Saved entries:
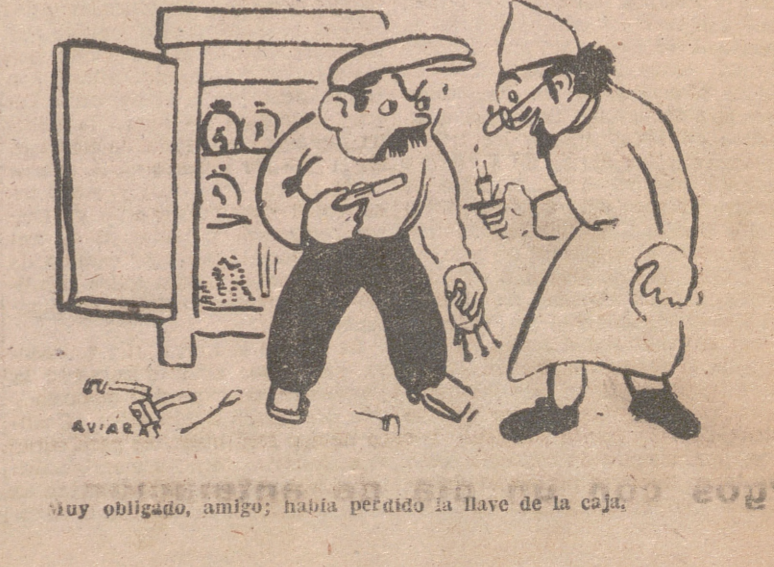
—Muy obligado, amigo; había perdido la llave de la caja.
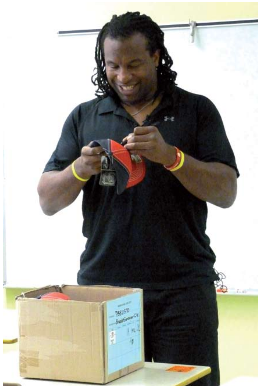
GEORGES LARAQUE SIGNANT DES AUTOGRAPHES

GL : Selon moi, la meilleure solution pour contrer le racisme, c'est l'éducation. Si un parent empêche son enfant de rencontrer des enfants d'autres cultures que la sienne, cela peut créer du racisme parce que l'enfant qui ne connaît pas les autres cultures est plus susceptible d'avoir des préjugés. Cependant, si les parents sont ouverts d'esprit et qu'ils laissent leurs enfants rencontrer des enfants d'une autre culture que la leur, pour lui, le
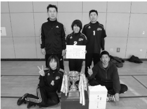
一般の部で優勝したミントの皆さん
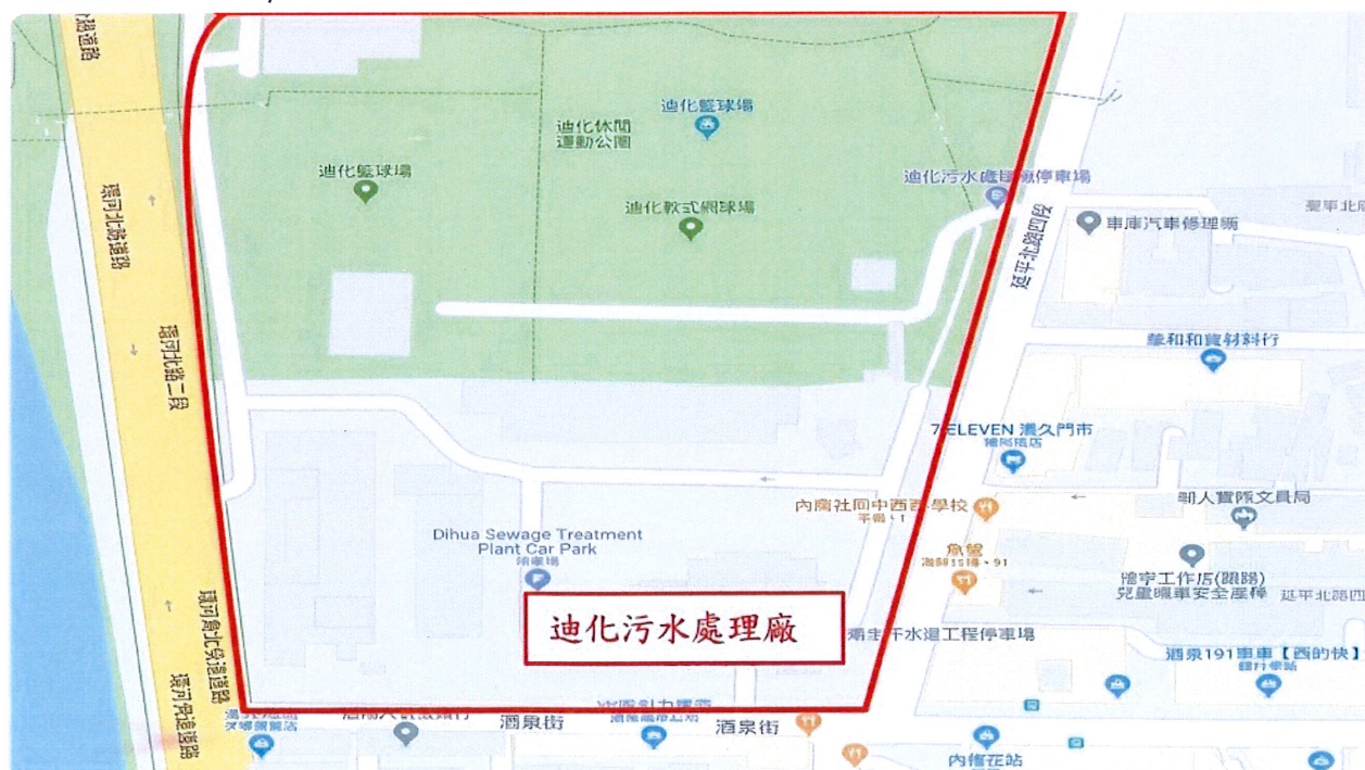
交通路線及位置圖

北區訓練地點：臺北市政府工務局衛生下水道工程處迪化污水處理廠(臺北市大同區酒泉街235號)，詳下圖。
* * *
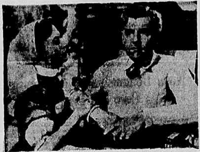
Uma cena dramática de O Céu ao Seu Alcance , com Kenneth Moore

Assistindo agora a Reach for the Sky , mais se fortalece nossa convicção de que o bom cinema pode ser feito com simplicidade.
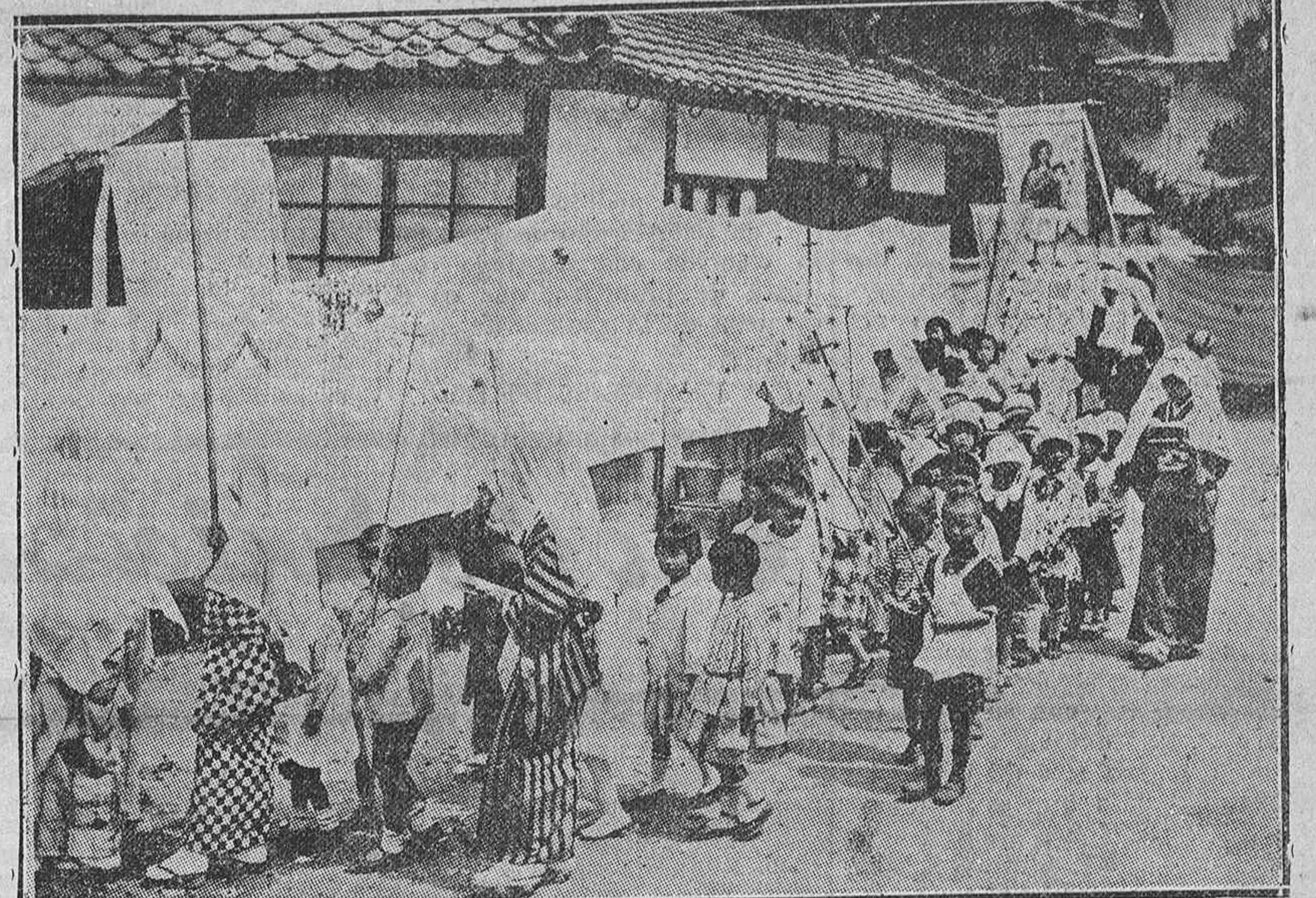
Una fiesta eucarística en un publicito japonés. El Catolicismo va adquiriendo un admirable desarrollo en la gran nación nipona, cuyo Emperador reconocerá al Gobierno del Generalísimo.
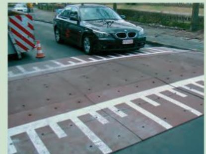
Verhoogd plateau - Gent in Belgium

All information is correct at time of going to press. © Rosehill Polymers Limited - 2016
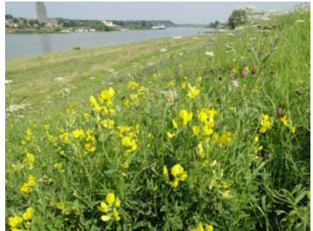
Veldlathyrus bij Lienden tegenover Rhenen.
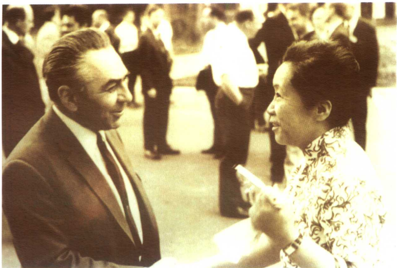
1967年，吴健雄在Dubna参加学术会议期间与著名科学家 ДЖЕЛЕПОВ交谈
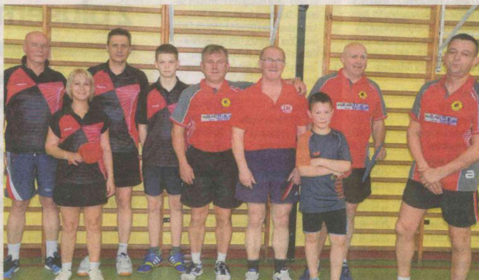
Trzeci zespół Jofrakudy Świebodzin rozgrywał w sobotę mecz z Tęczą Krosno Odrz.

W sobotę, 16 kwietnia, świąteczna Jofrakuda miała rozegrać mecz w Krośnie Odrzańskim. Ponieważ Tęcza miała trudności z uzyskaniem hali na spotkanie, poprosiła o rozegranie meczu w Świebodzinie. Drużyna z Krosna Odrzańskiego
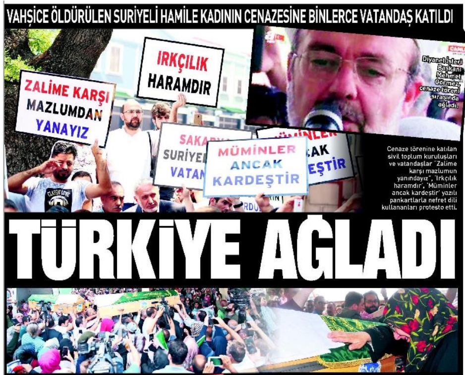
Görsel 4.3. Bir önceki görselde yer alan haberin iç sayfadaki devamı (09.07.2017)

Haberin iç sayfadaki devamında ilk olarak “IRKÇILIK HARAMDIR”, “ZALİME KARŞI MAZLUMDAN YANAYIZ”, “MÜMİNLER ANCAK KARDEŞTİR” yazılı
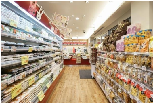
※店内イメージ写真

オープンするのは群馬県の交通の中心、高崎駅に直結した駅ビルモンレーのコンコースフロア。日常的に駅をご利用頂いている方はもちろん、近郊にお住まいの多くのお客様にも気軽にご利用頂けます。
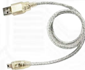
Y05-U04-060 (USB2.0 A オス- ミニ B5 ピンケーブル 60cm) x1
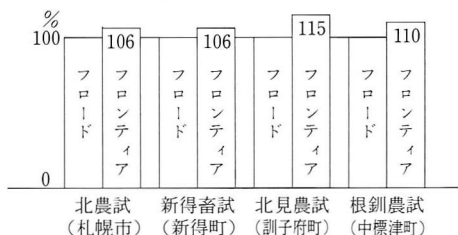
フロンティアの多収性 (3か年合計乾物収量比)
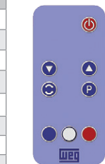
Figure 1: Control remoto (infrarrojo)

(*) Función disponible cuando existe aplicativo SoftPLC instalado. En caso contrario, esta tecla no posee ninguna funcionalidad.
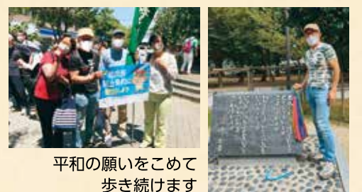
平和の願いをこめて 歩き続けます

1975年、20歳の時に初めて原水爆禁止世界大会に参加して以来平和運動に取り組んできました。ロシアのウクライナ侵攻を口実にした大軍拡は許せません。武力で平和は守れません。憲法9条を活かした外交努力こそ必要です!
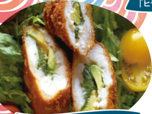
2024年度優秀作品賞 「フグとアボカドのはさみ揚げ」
---
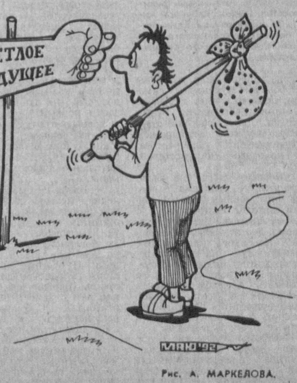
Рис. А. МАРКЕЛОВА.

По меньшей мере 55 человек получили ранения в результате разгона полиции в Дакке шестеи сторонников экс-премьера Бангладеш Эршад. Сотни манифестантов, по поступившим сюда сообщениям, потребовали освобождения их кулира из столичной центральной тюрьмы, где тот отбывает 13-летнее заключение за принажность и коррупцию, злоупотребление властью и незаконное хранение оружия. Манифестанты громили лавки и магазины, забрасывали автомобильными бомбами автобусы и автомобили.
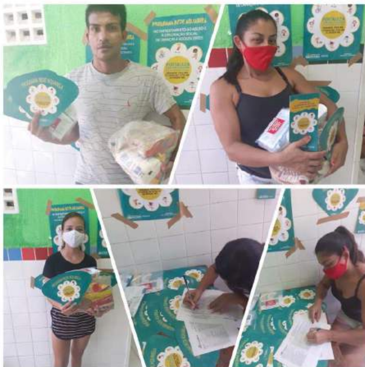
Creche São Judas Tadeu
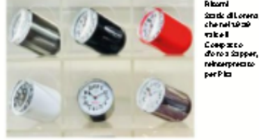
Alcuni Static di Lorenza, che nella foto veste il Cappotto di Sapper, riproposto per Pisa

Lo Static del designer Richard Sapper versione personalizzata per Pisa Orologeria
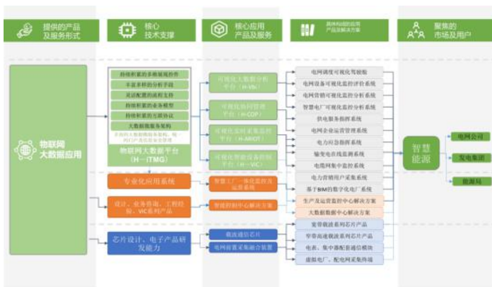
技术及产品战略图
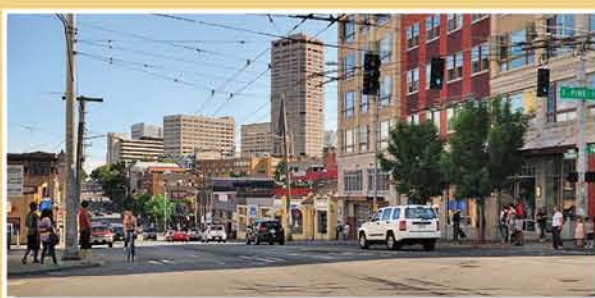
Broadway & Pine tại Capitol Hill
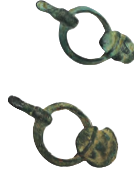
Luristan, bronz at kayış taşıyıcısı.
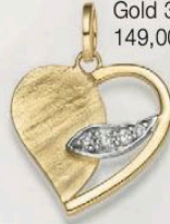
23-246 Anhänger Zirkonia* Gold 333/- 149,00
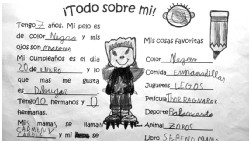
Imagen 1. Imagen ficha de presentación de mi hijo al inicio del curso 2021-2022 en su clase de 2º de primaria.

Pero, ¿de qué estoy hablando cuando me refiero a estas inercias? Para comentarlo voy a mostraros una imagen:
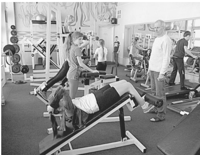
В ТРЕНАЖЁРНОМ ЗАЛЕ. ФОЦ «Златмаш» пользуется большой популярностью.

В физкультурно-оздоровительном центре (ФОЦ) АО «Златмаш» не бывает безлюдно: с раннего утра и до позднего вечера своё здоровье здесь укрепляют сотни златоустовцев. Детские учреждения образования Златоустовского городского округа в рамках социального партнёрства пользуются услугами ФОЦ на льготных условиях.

- **GOAL OF THE EXERCISE**: The result should be an exact copy of only the lines above from the one that holds "23-246 Anhänger Zirkonia* Gold 333/- 149,00" through the one that holds "В физкультурно-оздоровительном центре", both ends included, without pictures.

- **EXERCISE SOLUTION**:
23-246 Anhänger Zirkonia* Gold 333/- 149,00
Imagen 1. Imagen ficha de presentación de mi hijo al inicio del curso 2021-2022 en su clase de 2º de primaria.

Pero, ¿de qué estoy hablando cuando me refiero a estas inercias? Para comentarlo voy a mostraros una imagen:
В ТРЕНАЖЁРНОМ ЗАЛЕ. ФОЦ «Златмаш» пользуется большой популярностью.

В физкультурно-оздоровительном центре (ФОЦ) АО «Златмаш» не бывает безлюдно: с раннего утра и до позднего вечера своё здоровье здесь укрепляют сотни златоустовцев. Детские учреждения образования Златоустовского городского округа в рамках социального партнёрства пользуются услугами ФОЦ на льготных условиях.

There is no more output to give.